Disulfide reductase activity of thioredoxin-h2 imparts cold tolerance in Arabidopsis

Many thioredoxin-h (Trx-h) proteins, cytosolic isotypes of Trxs, have been functionally characterized in plants; however, the physiological function of Arabidopsis Trx-h2, which harbors two active site cysteine (Cys) residues and an N-terminal extension peptide containing a fatty acid acylation site, remains unclear. In this study, we investigated the physiological function of Trx-h2 by performing several abiotic stress treatments using trx-h1-3 knockout mutant lines, and found that the reductase function of Trx-h2 is critical for cold resistance in Arabidopsis. Plants overexpressing Trx-h2 in the trx-h2 mutant background (Trx-h2(OE)/trx-h2) showed strong cold tolerant phenotypes compared with Col-0 (wild type) and trx-h2 mutant plants. By contrast, Trx-h2(C/S)(OE)/ trx-h2 plants expressing a variant Trx-h2 protein, in which both active site Cys residues were substituted by serine (Ser) residues, showed high cold sensitivity, similar to trx-h2 plants.

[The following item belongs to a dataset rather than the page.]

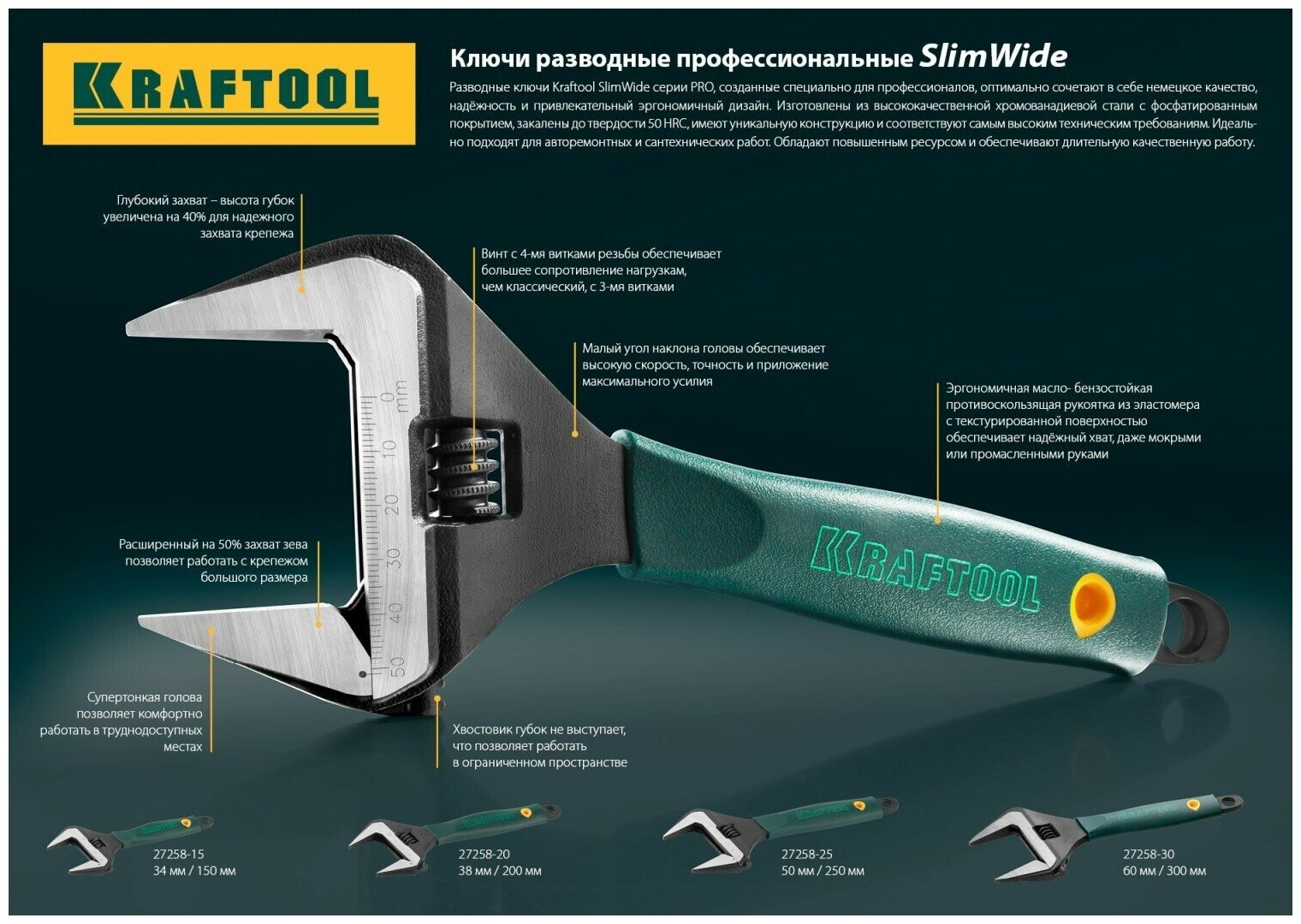KRAFTOOL Ключ разводной SlimWide, 250 / 50 мм, KRAFTOOL, ( 27258-25 )

Moreover, cold-responsive (COR) genes were highly up-regulated in Trxh2(OE)/trx-h2 plants but not in trx-h2 and Trx-h2(C/S)(OE)/trx-h2 plants under cold conditions. These results explicitly suggest that the cytosolic Trx-h2 protein relays the external cold stress signal to downstream cold defense signaling cascades through its protein disulfide reductase function. (C) 2021 Elsevier Inc. All rights reserved.

Automated summary

The study investigates the physiological function of Arabidopsis Trx-h2 in cold resistance, demonstrating that the reductase function of Trx-h2 is critical for cold resistance. Overexpressing Trx-h2 enhances cold tolerance in plants, while a variant Trx-h2 protein with substituted active site residues shows increased cold sensitivity. Cold-responsive genes are highly up-regulated in Trx-h2 overexpressing plants under cold conditions, indicating the role of cytosolic Trx-h2 protein in transmitting cold stress signals for cold defense.